- Mike Daly (Songwriter, producer, Musician).

Background information
- Origin: New Jersey U.S.
- Genres: Pop, Rock, Indie, singer-songwriter
- Occupations: Songwriter, record producer, audio engineer, musician
- Instrument: Guitar

= Mike Daly =

Michael A. Daly is an American record producer, songwriter, and multi-instrumentalist. Daly attended the Berklee College of Music in Boston. Daly first came to prominence as the Whiskeytown resident multi-instrumentalist and co-writer. He wrote or co-wrote many of the songs on the Pneumonia album and has contributed to all of Caitlin Cary's solo releases.
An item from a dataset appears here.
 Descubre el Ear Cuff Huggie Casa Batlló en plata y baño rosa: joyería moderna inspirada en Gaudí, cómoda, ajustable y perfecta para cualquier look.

Daly has gone on to have a successful career as a studio musician, songwriter, and producer. He's worked with many artists in a range of different genres including Jason Mraz, Lana Del Rey, Imagine Dragons, Young the Giant, Grace Potter and the Nocturnals, The Plain White T's, and Jimmy Barnes.
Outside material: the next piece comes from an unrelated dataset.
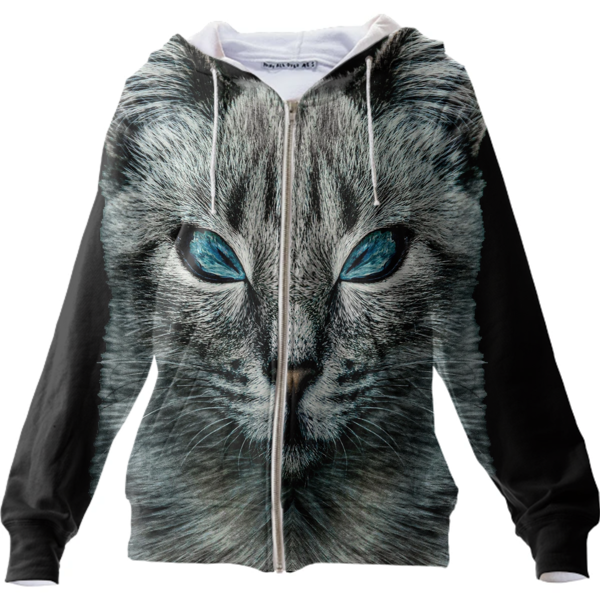 Slim fitting zip up hoodie with front kangaroo pockets metal zipper and drawstring hood.

Daly has spoken as a panelist at the South by Southwest Festival and has appeared on numerous television programs including The Tonight Show with Jay Leno, Good Morning America, and Regis and kelly. He's also performed live at Austin City Limits.

Daly is currently Executive Director of A&R and Music Publishing at Disney Music Group (Hollywood Records, Buena Vista Records, and Disney Music Publishing).

He also served as a mentor for the 2017 Techstars Music Accelerator Program.